Ihnen widerspricht im Übrigen auch ein Bericht der Kommission für individuelle Freiheiten und Gleichberechtigung, den sowohl die Ennahda-Bewegung als auch die mit ihr assoziierten religiösen Eliten nicht anerkennen. Der Bericht beleuchtet die gesellschaftliche Grundlage der Erbschaftsfrage und ihren Zusammenhang mit den Verhaltensweisen der Aufteilung von Vermögen innerhalb der Familie. Er kommt zu dem Schluss, dass sich diese Verhaltensweisen genauso verändert hätten wie die wirtschaftlichen und gesellschaftlichen Bedingungen in Tunesien im Allgemeinen. Insbesondere hätten der Eintritt der Frau in den Arbeitsmarkt und ihre Leistungen in den Bildungseinrichtungen den sozialen Wandel maßgeblich angetrieben: „Der Eintritt der Frau in den Arbeitsmarkt hat die traditionelle, auf der Trennung der Geschlechter nach Berufen und Rollen beruhende Landschaft erschüttert. Er hat zudem einen Wandel in den von Geschlecht und Alter bestimmten Machtbeziehungen bewirkt, sodass der Ehemann/Vater nicht länger als einziger Verantwortlicher für die Operationen des Familienbetriebs und das Management seiner wirtschaftlichen Ressourcen angesehen wird. Seine alleinige Autorität wurde durch eine Aufteilung familiärer Verantwortungen und Entscheidungen ersetzt“.6 Im Bericht heißt es weiter, dass sich mit der Verbreitung von Bildung und dem Rückgang der Analphabetenrate auch das Modell der Kernfamilie durchgesetzt habe, „was wiederum einen historischen Prozess vorantrieb, in dessen Rahmen sich der Wunsch nach Eigenständigkeit beziehungsweise Befreiung von gesellschaftlichen und familiären Zwängen, die die Eigenständigkeit hemmten, herausbildete“.

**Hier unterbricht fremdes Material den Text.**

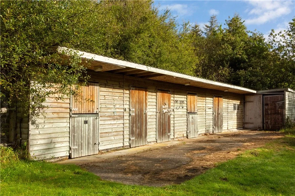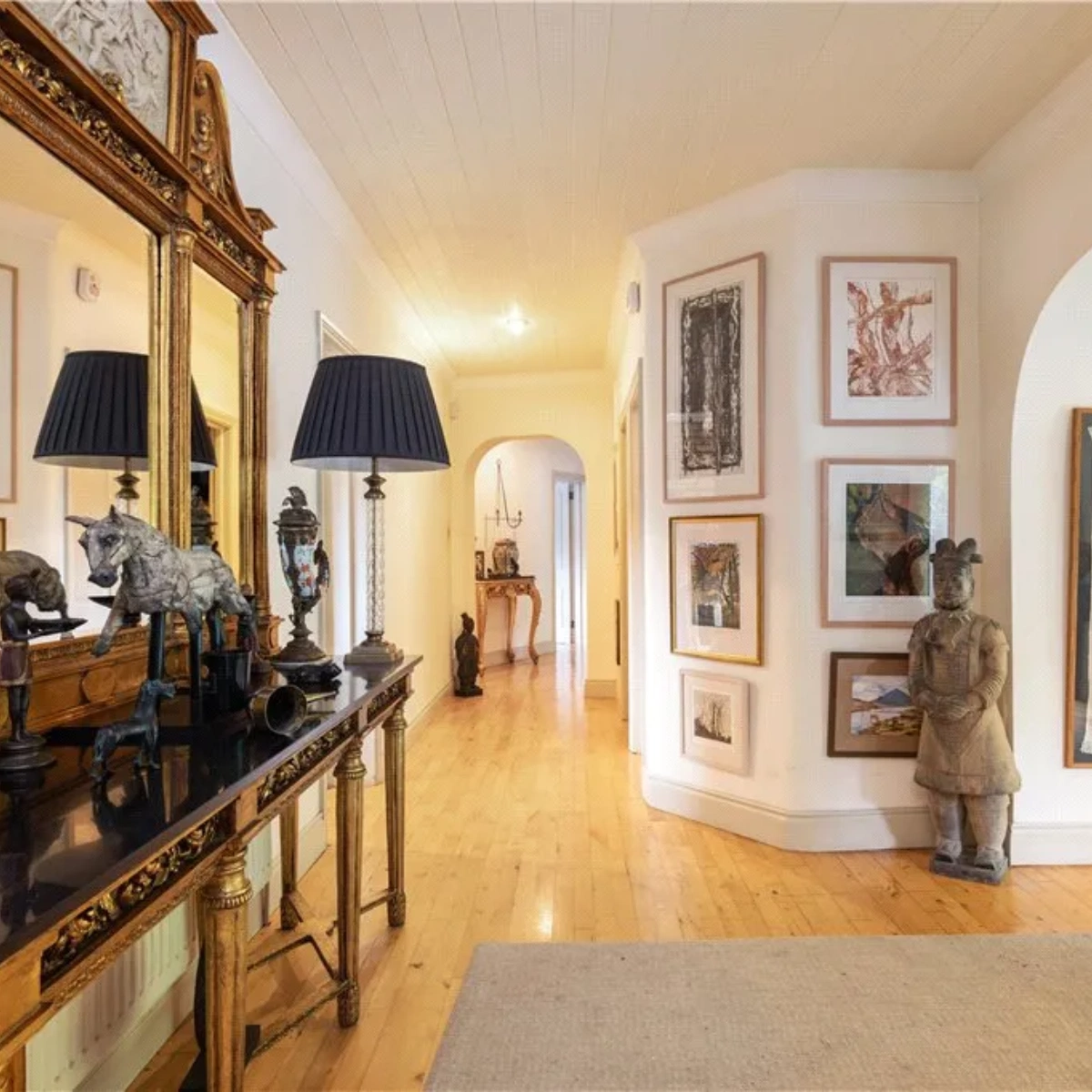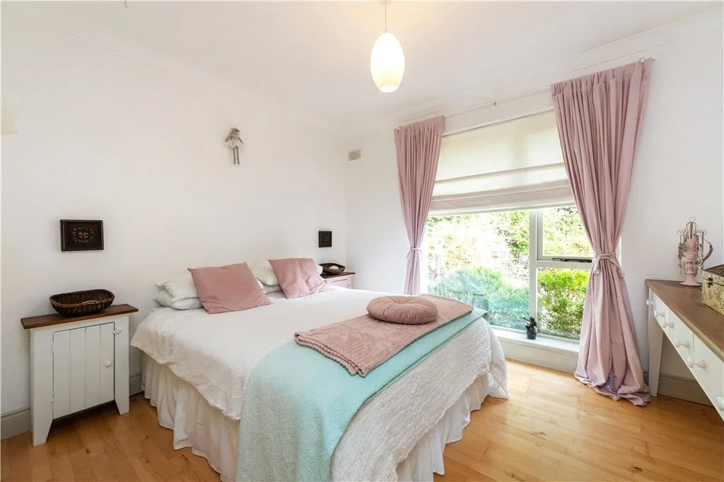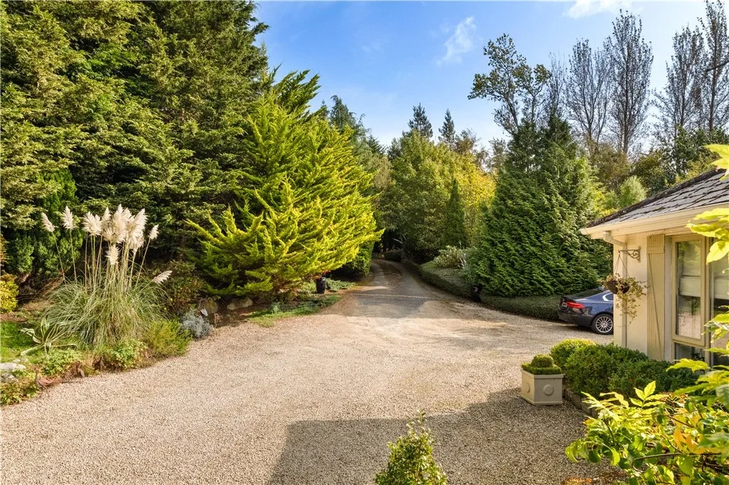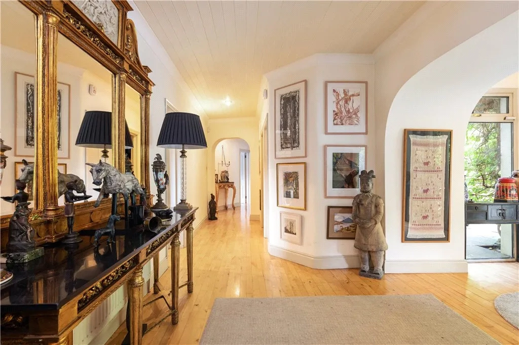 Outside, the meticulously landscaped gardens feature mature trees and shrubs, along with a hidden garden with a serene pond. The lower level is equipped with four stables and a tack room, accessible from the main house or a secondary entrance from the main road. Here, you’ll also find a riding arena and access to a tributary that connects to the River Dargle – ideal for watersport enthusiasts.

Dieser gegenwärtigen Realität will sich die konservativ-islamische Front widersetzen. Um den täglichen Kampf der Tunesierinnen, das alte patriarchalische System zu Fall zu bringen, zu untergraben und ihre religiös-gesellschaftlichen Vorstellungen durchzusetzen, scheuen sie nicht davor zurück, sich auf ein ideologisches System aus dem Mittelalter zu berufen. Die Gegner der Gleichstellung im Erbe zwischen Frau und Mann setzen auf das Scheitern des Gesetzesentwurfs im Parlament mithilfe der Ennahda-Bewegung und „ihrer konservativen Freunde“ und indem sie durch den Appell an religiöse Empfindungen die Öffentlichkeit für ihre Ideologie mobilisieren.

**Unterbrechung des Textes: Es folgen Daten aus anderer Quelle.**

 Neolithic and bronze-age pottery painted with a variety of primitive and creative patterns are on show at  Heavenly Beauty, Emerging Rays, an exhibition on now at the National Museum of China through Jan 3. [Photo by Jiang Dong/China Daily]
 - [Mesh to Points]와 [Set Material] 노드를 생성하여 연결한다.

  • 1. Shukri Mabkhout, Ideengeschichte Tunesiens, März 2018.
  • 2. Amel al-Hilali, „Sie zu wählen ist haram“ Sheikhs in Tunis erheben sich gegen Befürworter der Gleichberechtigung im Erbe. Al-Jazeera Online, 19. Dezember 2018.
  • 3. Fathi Al Qasimi, Drei Bücher in Antwort auf Haddad, Ibn Siraj Verlag, 2014.

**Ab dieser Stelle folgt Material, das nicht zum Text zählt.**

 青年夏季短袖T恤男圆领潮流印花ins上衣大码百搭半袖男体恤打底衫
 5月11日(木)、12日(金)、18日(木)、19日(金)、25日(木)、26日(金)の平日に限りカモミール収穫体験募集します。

  • 4. Sadok Belaïd, Koran und Gesetzgebung: Eine neue Lesart der verordnenden Verse, Tunesien, Centre de Publication Universitaire.
  • 5. Mansour Fahmi, Die Bedingungen für Frauen im Islam, al-Kamel Verlag, 1997.
  • 6. Bericht der Kommission für individuelle Freiheiten und Gleichberechtigung, Juni 2018.